In at least one embodiment, the present invention aims at an improvement of this situation.
According to at least one embodiment of the present invention, established device(s)/method(s) of communication (e.g. mobile phones) used for secure communication replace dedicated client-side IT-systems for the authentication of validated documents. It is assumed that e.g. a medical professional—acting as an author of medical documents—operates a mobile phone which is serviced by some mobile phone service provider, such that the medical professional is a registered client of the mobile phone service provider. Instead of mobile phones, similar mobile communication devices can be used by our scheme. A standardized resource locator, i.e. e.g. a storage address or a so called “uniform resource locator” (URL), used e.g. in the http-protocol, may be used to identify and locate a document.
In cases where these electronic documents are stored decentrally, an example embodiment of the invention suggests to store document references and signatures together in a central registry.
At least one embodiment of the proposed invention suggests to use a communication device - preferably a mobile communication device—for signing electronic documents and makes use of the trust that is already established between the corresponding communication service provider and the e.g. medical authors being clients of such a provider.
According to an example embodiment of the invention, a trusted central or centralized registry is used to verify the signatures instead of the reader, who is just given a “confirm/deny” information on his verification requests.

BRIEF DESCRIPTION OF THE DRAWINGS

In the following, the invention is described in more detail by help of some figures and example embodiments.

FIG. 1 shows in a schematic manner a process of selecting and/or signing a document according to an example embodiment of the invention.

FIG. 2 shows in a schematic manner a process of verifying a signature according to an example embodiment of the invention.

FIG. 3 shows in a schematic manner a process of generating table entries with signature keys according to an example embodiment of the invention.

FIG. 4 shows in a schematic manner a registration and key generating process according to an alternative embodiment of the invention.

FIG. 5 shows in a schematic manner a process of uploading a document to a document storage according to an example embodiment of the invention.

FIG. 6 shows in a schematic manner a process of viewing an unvalidated document according to an example embodiment of the invention.

FIG. 7 shows in a schematic manner a process of key generation and local key storage on a client's device according to an alternative embodiment of the invention.

FIG. 8 shows in a schematic manner a process of signing a centrally stored document according to an example embodiment of the invention.

FIG. 9 shows in a schematic manner a process of signing with a private key stored on a client's device according to an alternative embodiment of the invention.

FIG. 10 shows in a schematic manner a process of verifying a signature according to an example embodiment of the invention.

FIG. 11 shows in a schematic manner a process of generating signature keys according to an example embodiment of the invention.

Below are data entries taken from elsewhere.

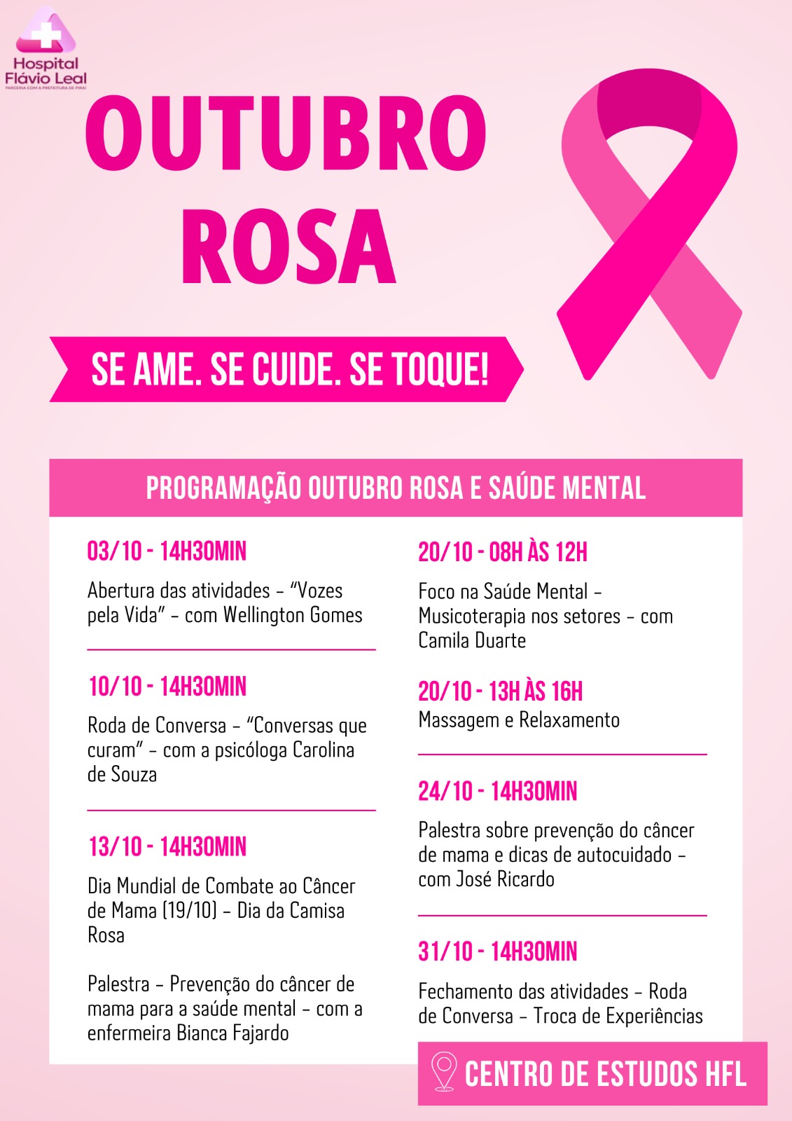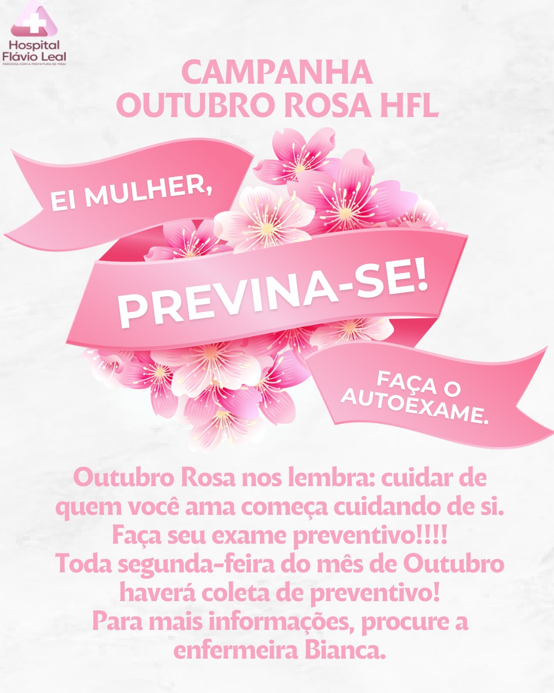 O Hospital Flávio Leal abraça mais uma vez a Campanha Outubro Rosa, movimento internacional que reforça a importância da prevenção e do diagnóstico precoce do câncer de mama. Este ano, a nossa ação vem com um olhar especial: o cuidado com quem cuida ?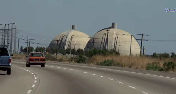 12. Дребен и Хокен проезжают мимо атомной электростанции, чьи очертания напомнили главному герою формы его супруги. В действительности актеры не снимались на фоне этой станции – ее отсняли отдельно и затем интегрировали в сцену при помощи монтажа.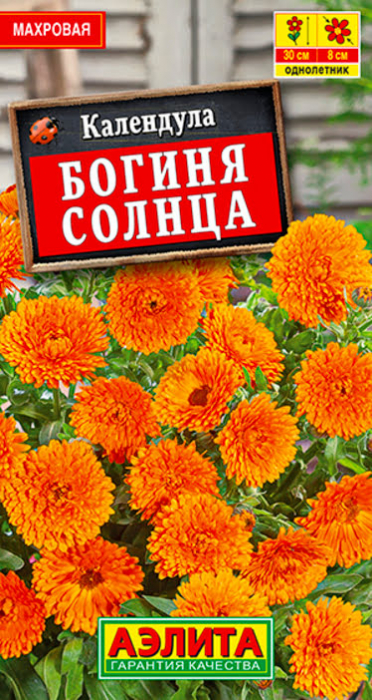 Календула Богиня солнца - это сорт с крупными махровыми соцветиями-корзинками (Ø7-9 см). Кустики коренастые, сильноветвистые, высотой до 30 см. Цветение раннее, обильное и продолжительное. Растения неприхотливые, хорошо переносят кратковременные заморозки до -5°С, устойчивы к болезням и вредителям. Предпочитают солнечное местоположение. Используют для групповых посадок на клумбах и рабатках, в лекарственных садиках. Хорошо подходят для срезки.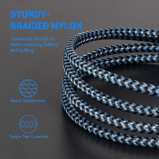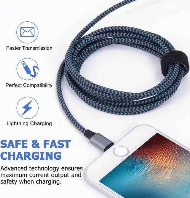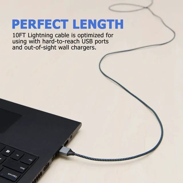 Extra Long & Durable: iPhone charger features nylon fabric and reinforced connectors, and outperforms plastic-made cables in bearing tangle, split and wear. 10 Ft in length gives you more freedom while charging.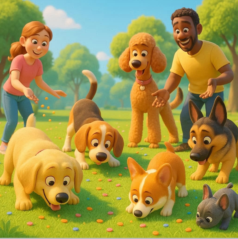 Разложите лакомства вдоль тропинки в парке или во дворе, создавая "запаховый след". Начните с короткого расстояния, постепенно удлиняя его.

FIG. 12 shows in a schematic manner a process of registering and signing in a single procedure according to an example embodiment of the invention.

FIG. 13 shows in a schematic manner a process of verifying a document at a trusted registry according to an example embodiment of the invention.

FIG. 14 shows in a schematic manner a process of obtaining a verification for a given document info by a client according to an example embodiment of the invention.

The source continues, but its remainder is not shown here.